• _Input records_:

[Start of Attachment]

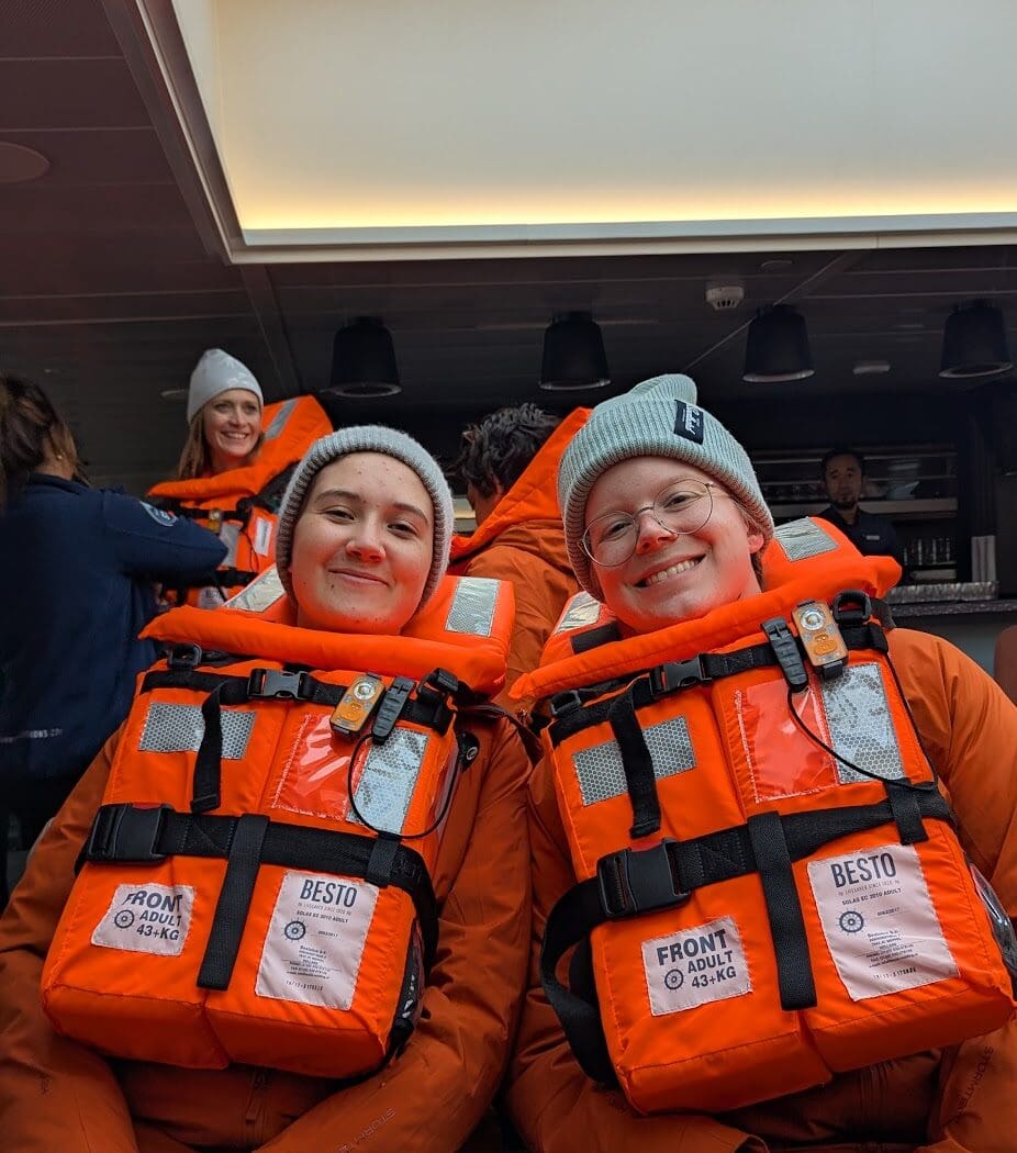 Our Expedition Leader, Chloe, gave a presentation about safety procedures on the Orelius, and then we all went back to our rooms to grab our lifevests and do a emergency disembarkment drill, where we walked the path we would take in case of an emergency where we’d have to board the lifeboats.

[End of Attachment]
[Start of Attachment]

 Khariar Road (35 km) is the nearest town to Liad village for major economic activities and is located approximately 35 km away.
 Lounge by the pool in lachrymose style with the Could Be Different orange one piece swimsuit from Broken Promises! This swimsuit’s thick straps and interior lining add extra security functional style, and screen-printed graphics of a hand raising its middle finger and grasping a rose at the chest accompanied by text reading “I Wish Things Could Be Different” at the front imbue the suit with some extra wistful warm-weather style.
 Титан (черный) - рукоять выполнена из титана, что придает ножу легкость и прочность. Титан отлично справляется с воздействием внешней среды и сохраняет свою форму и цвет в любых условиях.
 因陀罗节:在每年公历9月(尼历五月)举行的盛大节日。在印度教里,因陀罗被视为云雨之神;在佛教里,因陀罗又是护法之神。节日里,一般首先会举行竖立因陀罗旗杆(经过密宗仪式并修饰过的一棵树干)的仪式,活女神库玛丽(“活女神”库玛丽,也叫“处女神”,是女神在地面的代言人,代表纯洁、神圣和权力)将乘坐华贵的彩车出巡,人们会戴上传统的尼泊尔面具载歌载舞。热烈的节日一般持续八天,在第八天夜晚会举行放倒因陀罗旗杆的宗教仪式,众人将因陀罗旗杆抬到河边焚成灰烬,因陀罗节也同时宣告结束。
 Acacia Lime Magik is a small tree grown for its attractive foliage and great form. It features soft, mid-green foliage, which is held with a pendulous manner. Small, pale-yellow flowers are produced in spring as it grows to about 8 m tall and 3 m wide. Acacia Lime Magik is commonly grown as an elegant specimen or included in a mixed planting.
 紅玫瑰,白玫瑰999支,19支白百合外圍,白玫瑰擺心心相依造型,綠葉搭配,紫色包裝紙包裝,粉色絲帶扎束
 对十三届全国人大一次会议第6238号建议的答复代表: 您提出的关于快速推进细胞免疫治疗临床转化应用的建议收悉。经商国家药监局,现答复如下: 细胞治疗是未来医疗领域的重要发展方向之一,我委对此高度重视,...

[End of Attachment]

• _What the exercise asks_:
Search the listing for the word "with". Copy every line in which it occurs.

• _Output of the task_:
 Lounge by the pool in lachrymose style with the Could Be Different orange one piece swimsuit from Broken Promises! This swimsuit’s thick straps and interior lining add extra security functional style, and screen-printed graphics of a hand raising its middle finger and grasping a rose at the chest accompanied by text reading “I Wish Things Could Be Different” at the front imbue the suit with some extra wistful warm-weather style.
 Acacia Lime Magik is a small tree grown for its attractive foliage and great form. It features soft, mid-green foliage, which is held with a pendulous manner. Small, pale-yellow flowers are produced in spring as it grows to about 8 m tall and 3 m wide. Acacia Lime Magik is commonly grown as an elegant specimen or included in a mixed planting.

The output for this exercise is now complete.